Much of the nation was transfixed by Attorney General Jeff Sessions’ testimony before the Senate Intelligence Committee on Tuesday. Sessions came out swinging, calling any insinuation that he colluded with the Russian government “an appalling and detestable lie.”

The hearing may have raised more questions about Sessions’ role in the firing of James Comey, the former FBI director who was investigating the Trump campaign’s ties to Russia. And questions still swirl around Sessions in light of reporting that the attorney general failed to disclose information about meetings with Russian officials in applying for his security clearance.  

During the hearing on Tuesday, Sessions denied these allegations in no uncertain terms. “I have never met with or had any conversations with any Russians or any foreign officials concerning any type of interference with any campaign or election,” he said during his opening statement. “Further, I have no knowledge of any such conversations by anyone connected to the Trump campaign.”

But, while pundits consider the political fallout of Sessions’ testimony, there’s another legal matter that deserves some attention: the status of the complaints filed against Sessions with the Alabama state bar. 

Sessions has held his law license in the state of Alabama since 1973. Attorneys are largely self-regulated, beholden to ethical rules adopted in the states where they are licensed to practice and enforced by disciplinary boards composed of other lawyers. (The phrase the “fox watching the henhouse” comes to mind.) Disciplinary boards seldom impose discipline on misbehaving lawyers, let alone powerful members of the bar. Yet ethics rules, in theory, are a key safeguard against misconduct. 

The complaints are largely based on testimony Sessions gave during his confirmation hearing in January. At that hearing, Sessions stated, “I did not have communications with the Russians” in response to a question about whether “anyone affiliated with the Trump campaign” may have interacted with Russian officials. Sessions also answered “no” to a question posed in writing that asked, “Have you been in contact with anyone connected to any part of the Russian government about the 2016 election, either before or after election day?” Yet, it later emerged that Sessions had met with Russian Foreign Ambassador Sergi Kislyak on at least two occasions in 2016, though he denied Tuesday that they talked about the election.

Under the Alabama rules, anyone can file a complaint against an attorney licensed in that state. It doesn’t matter that Sessions works in Washington, D.C.  Several citizens capitalized on this opportunity by submitting complaints against Sessions, including Boston lawyer J. Whitfield Larrabee and Christopher Anders, the deputy director of the ACLU. While we know little about the inner workings of Alabama’s disciplinary commission — pending investigations are kept confidential — we do have an inkling about the claims against Sessions.

The ACLU, which released its complaint publicly, contends that Sessions violated an Alabama Rule of Professional Conduct that cautions lawyers not to “engage in conduct involving dishonesty, fraud, deceit, or misrepresentation.”  Lawyers in public office “assume legal responsibilities going beyond those of other citizens.

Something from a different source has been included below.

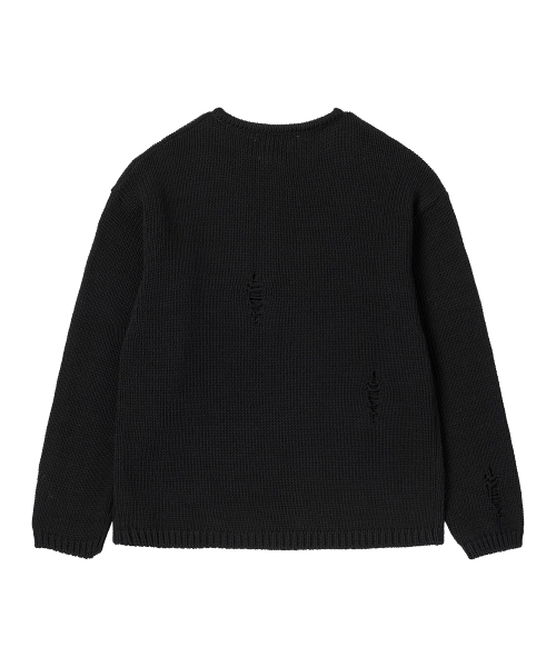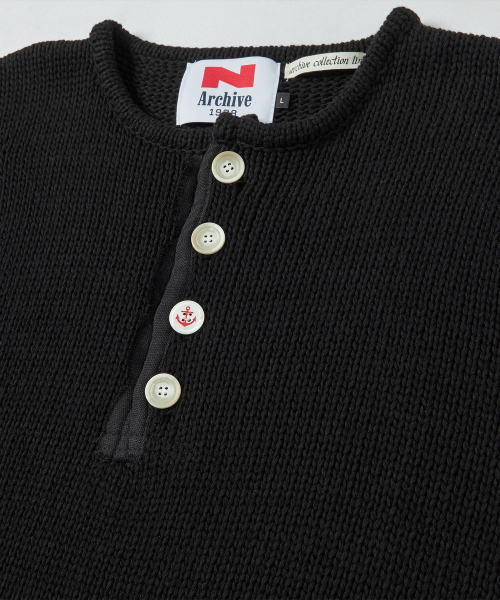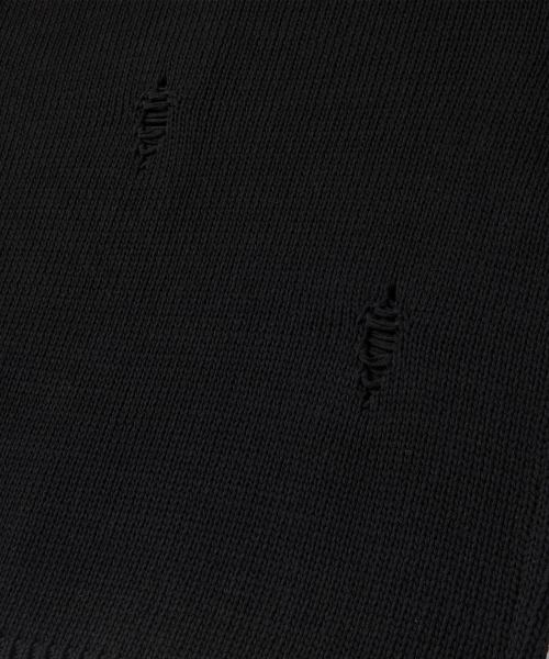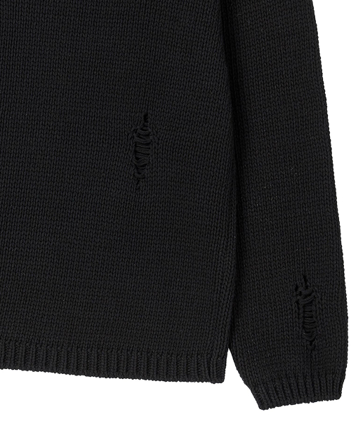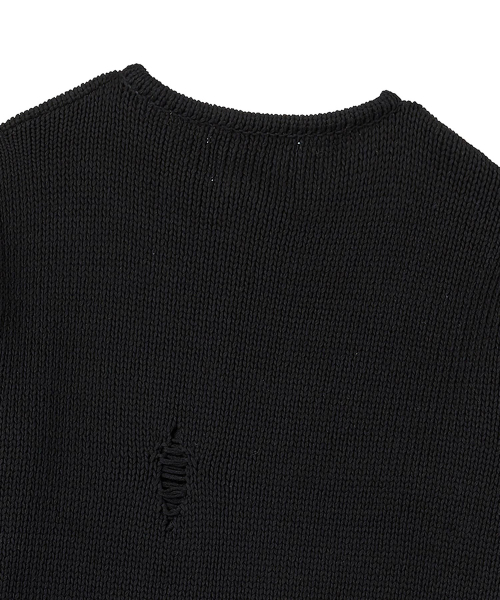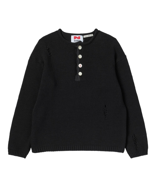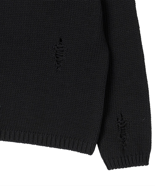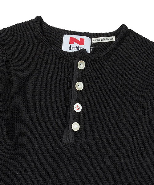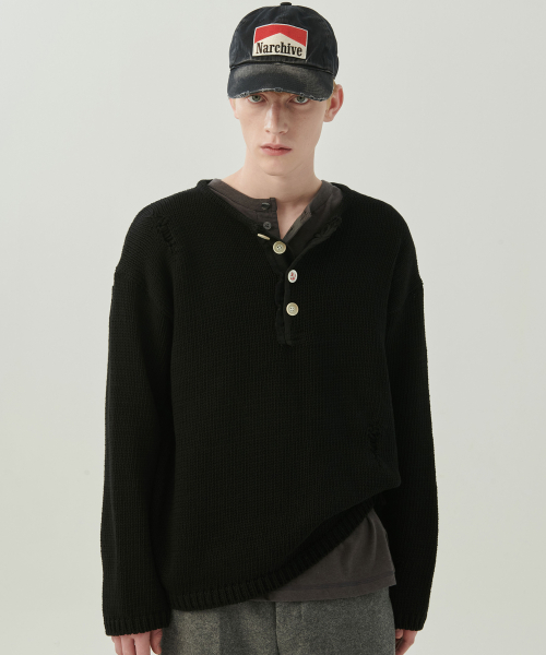 [COLLECTION LINE] 아카이브 헤비 웨이트 코튼 데미지 디테일 헨리넥 니트 블랙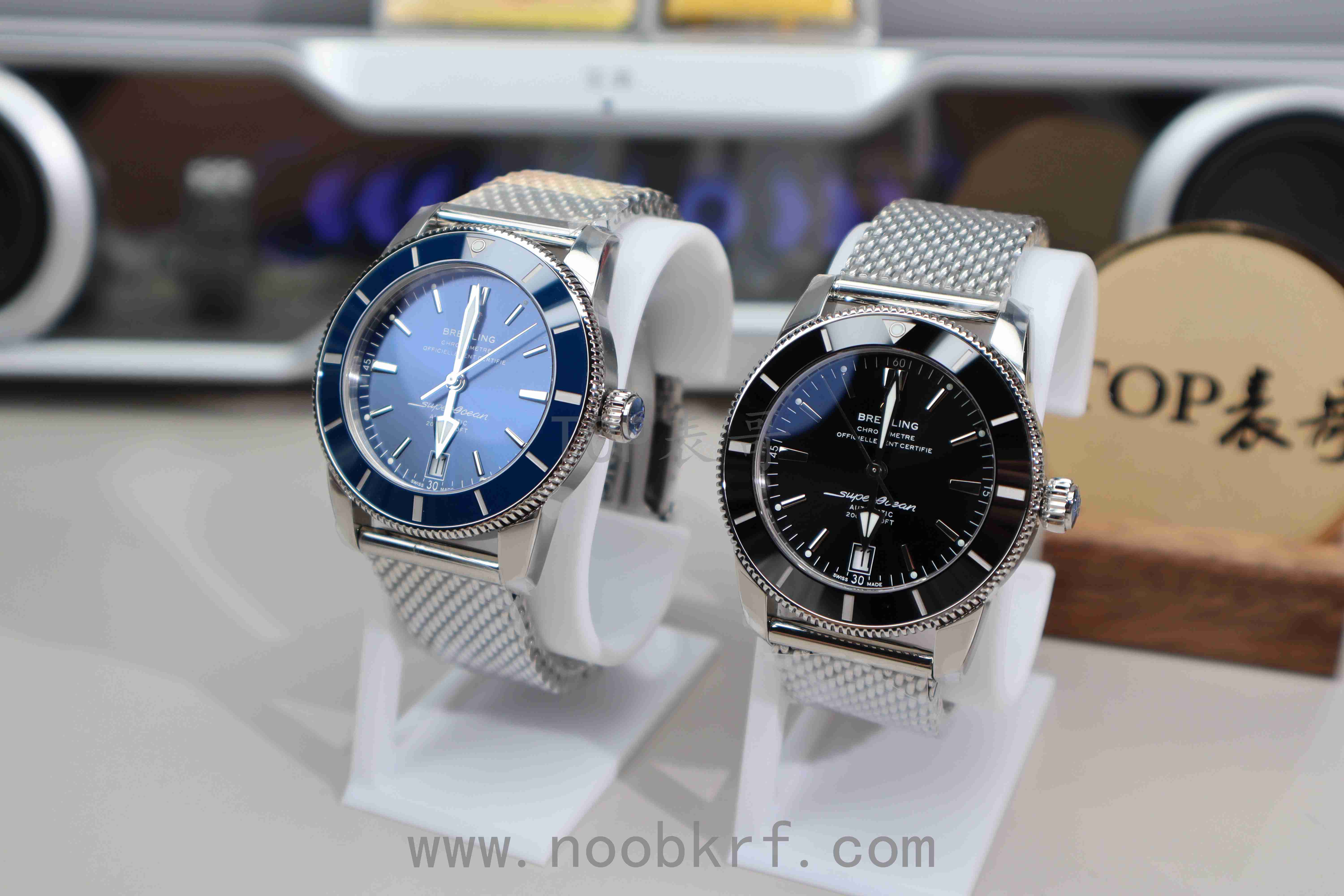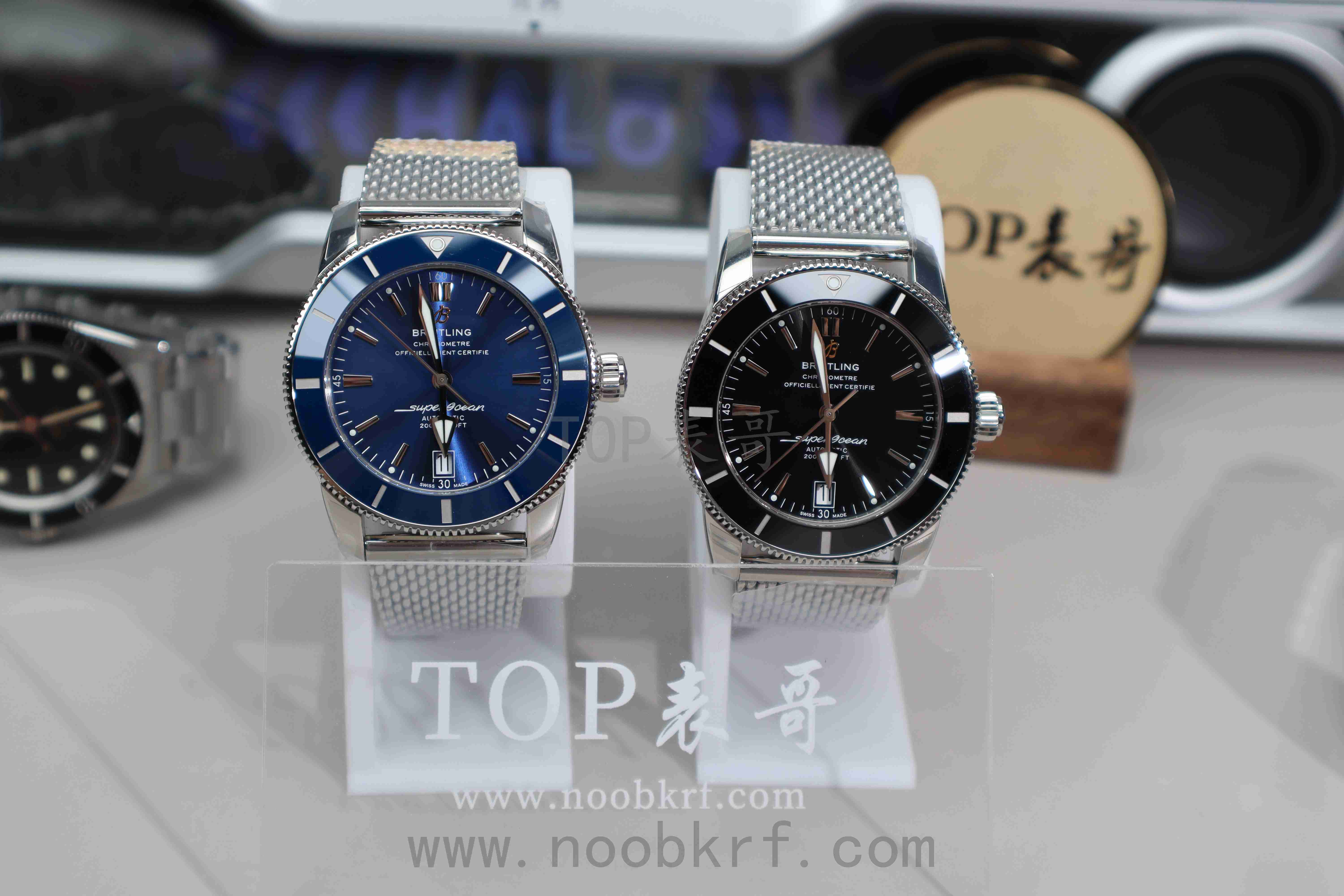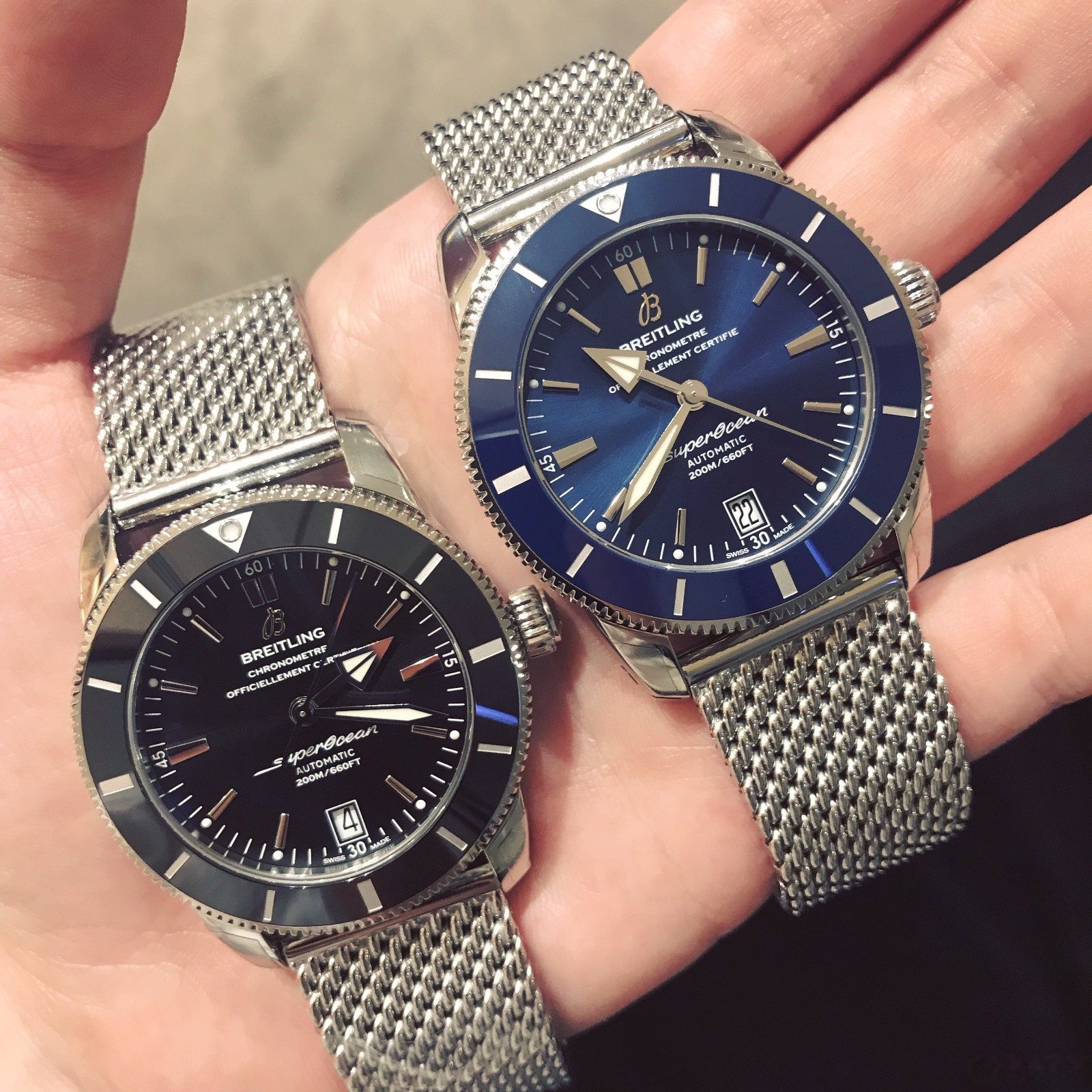 新款超级海洋文化使用陶瓷圈。表盘上是百年灵新的B字标志。

A lawyer’s abuse of public office can suggest an inability to fulfill the professional role of attorney,” the commentary to the rules further state. Despite his testimony to the Senate Intelligence Committee, there is a sound argument that during his confirmation hearing Sessions misrepresented the nature of his dealings with the Russians, especially given the heightened responsibilities borne by lawyers “holding public office.” 

Sessions may have violated another, more technical rule that states lawyers owe a “duty of candor” and may not “knowingly . . . make a false statement of material fact or law to a tribunal.” Even assuming Sessions made “a false statement of material fact,” this claim faces two obstacles. First, did he do so “knowingly”? The Alabama rules define “knowingly” as “actual knowledge.” Sessions will likely claim he did not actually know that his statements were false because he either did not recall the meetings or considered the meetings pertinent to his role as a senator rather than as an adviser to the Trump campaign. Second, the term “tribunal” typically refers to a court, which reinforces the idea that this rule applies to litigation or a courtroom setting.

Finally, Sessions may find himself caught by a catchall provision that deems it professional misconduct for a lawyer to engage “in any other conduct that adversely reflects on his fitness to practice law.” Even if Sessions did not engage in “misrepresentation” or “knowingly” provide “a false statement of material fact” to a “tribunal,” his behavior at the confirmation hearing appears to call into question his fitness to practice law and, even more, to serve as the nation’s chief prosecutor. 

Whether the Alabama bar is brave enough to make such a finding remains to be seen.